● **RECORDS SUPPLIED**
________________________________________
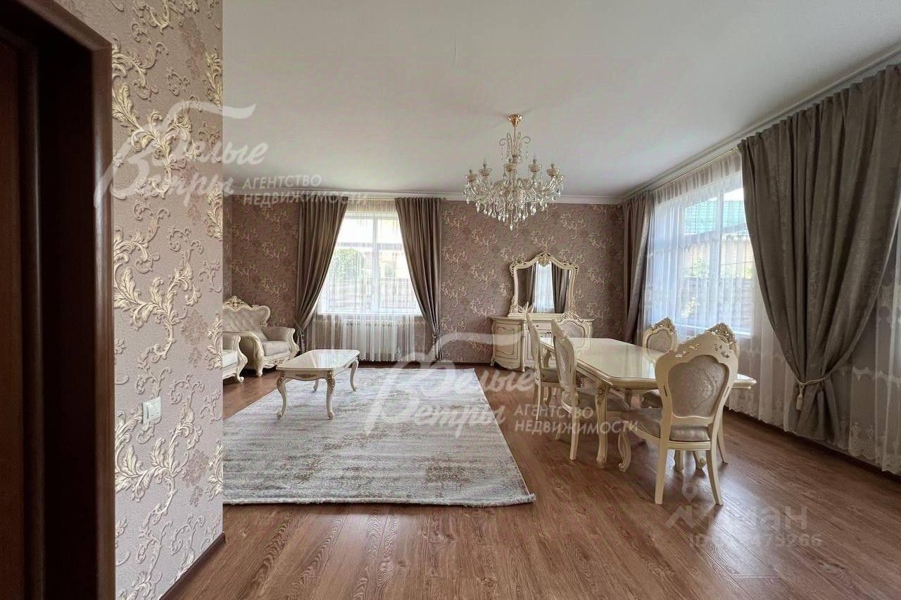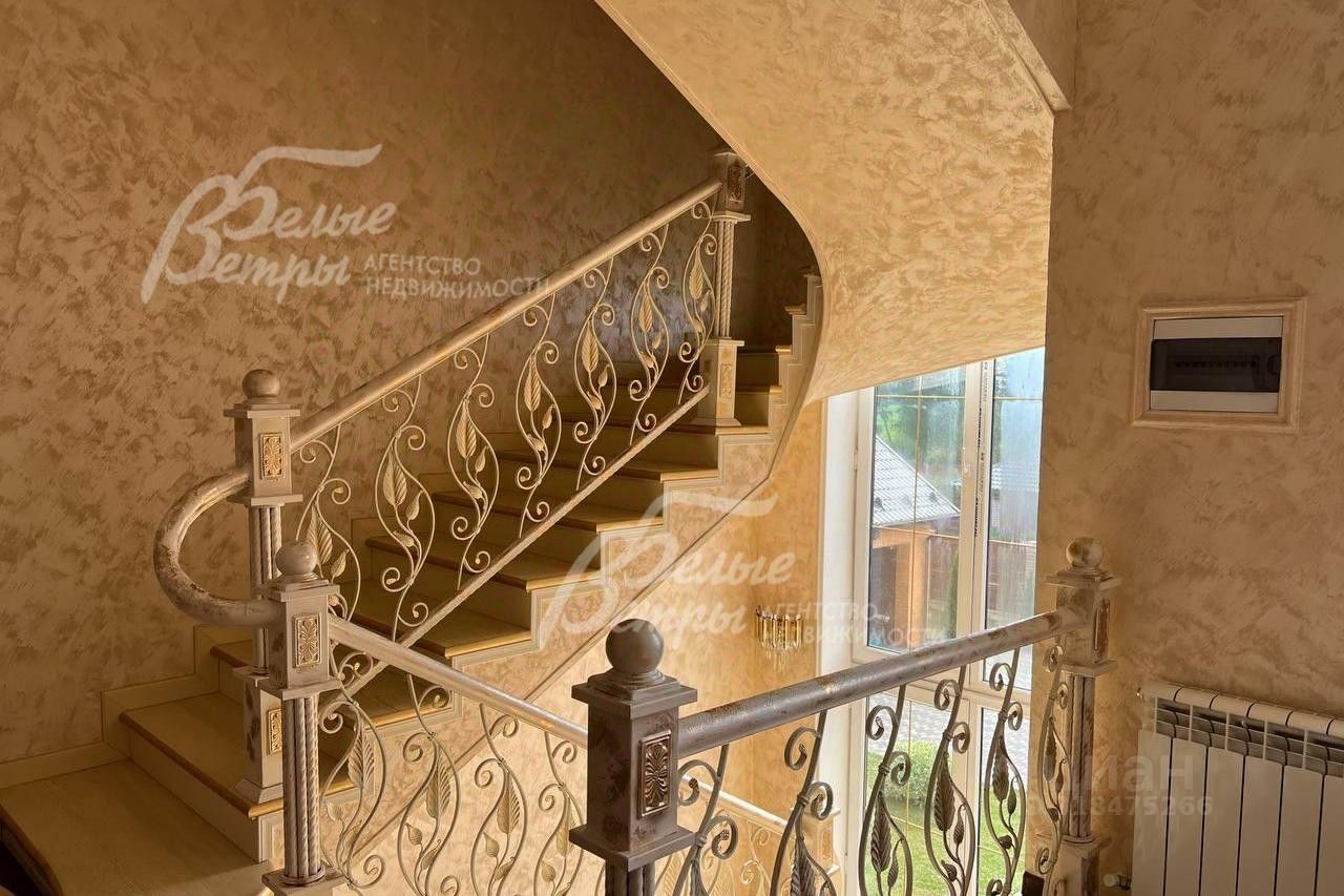Описание внутренней отделки: отделка в классическом стиле: в общих помещениях декоративная штукатурка (''песок''), в спальнях обои. В санузлах импортная плитка от пола до потолка. Полы: ламинат в гостиной и спальнях, прихожая, зона кухни и столовой - керамогранит. Потолки штукатуренные, покрашенные. Красивая лестница с кованым ограждением..
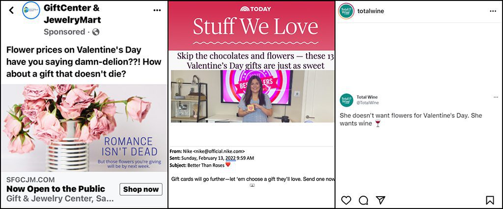 • Express Clothing ran an email campaign saying they offered “something better than roses.”
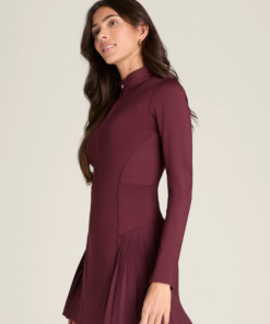 Thiết kế: Form đầm dài tay hiện đại với cổ polo và khóa kéo nửa thân trước, kết hợp chân váy xếp ly tạo sự linh hoạt và nữ tính.
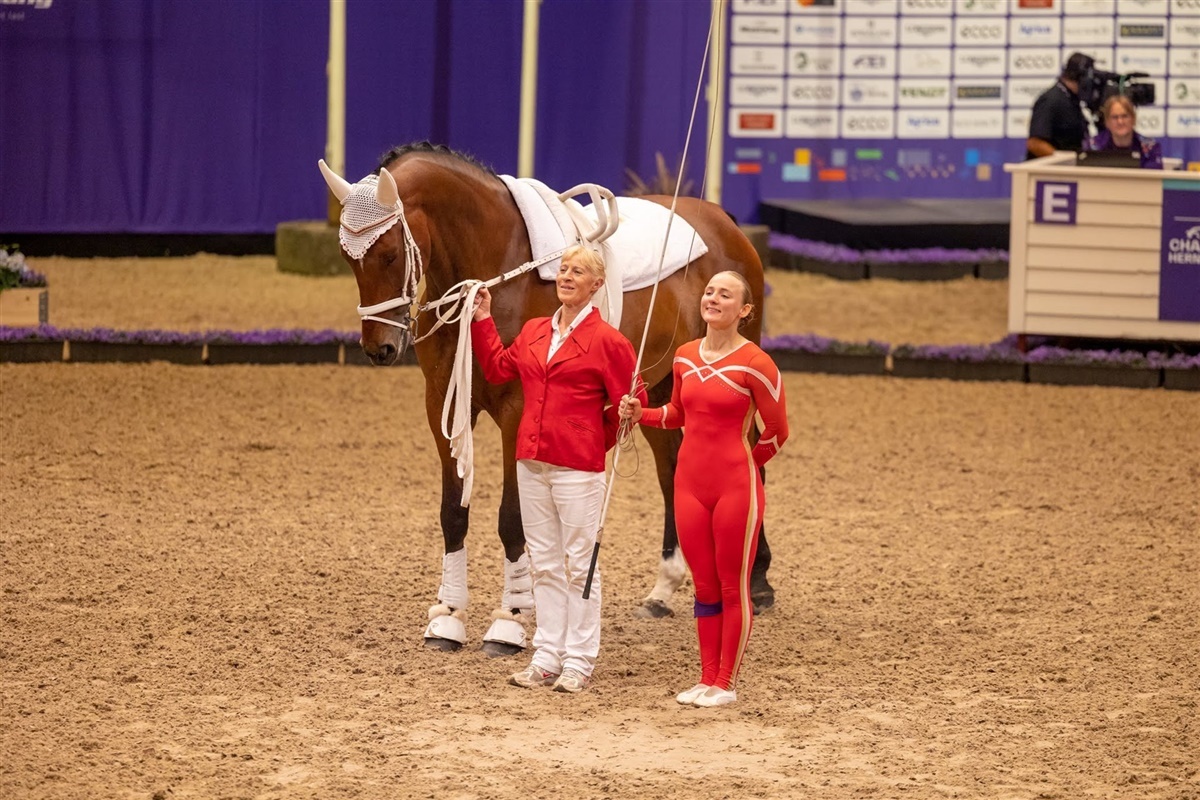 – Verdens sejeste Iben Dines Pedersen og fantastiske Hanne Haagen Hansen ved VM i Herning. Vi er så mega stolte og dybt taknemmelige for de fire helt fantastiske dage med Iben, Lieto og Hanne. Jeg har fældet mange glædestårer på deres vegne. Jeg ved hvor mange timers træning der ligger i dette. Når det ser nemt ud, ved man hvor svært det er.
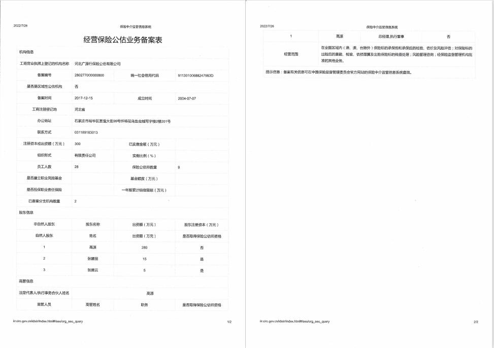 您的位置在:首页 >信息披露>河北广源行保险公估有限公司
________________________________________
● **WORK INSTRUCTION**
Your reply should hold only the lines from the one that contains "Express Clothing ran" through the last line of the records above, exact and complete, and no pictures.

● **COMPLETED TASK**
 • Express Clothing ran an email campaign saying they offered “something better than roses.”
 Thiết kế: Form đầm dài tay hiện đại với cổ polo và khóa kéo nửa thân trước, kết hợp chân váy xếp ly tạo sự linh hoạt và nữ tính.
 – Verdens sejeste Iben Dines Pedersen og fantastiske Hanne Haagen Hansen ved VM i Herning. Vi er så mega stolte og dybt taknemmelige for de fire helt fantastiske dage med Iben, Lieto og Hanne. Jeg har fældet mange glædestårer på deres vegne. Jeg ved hvor mange timers træning der ligger i dette. Når det ser nemt ud, ved man hvor svært det er.
 您的位置在:首页 >信息披露>河北广源行保险公估有限公司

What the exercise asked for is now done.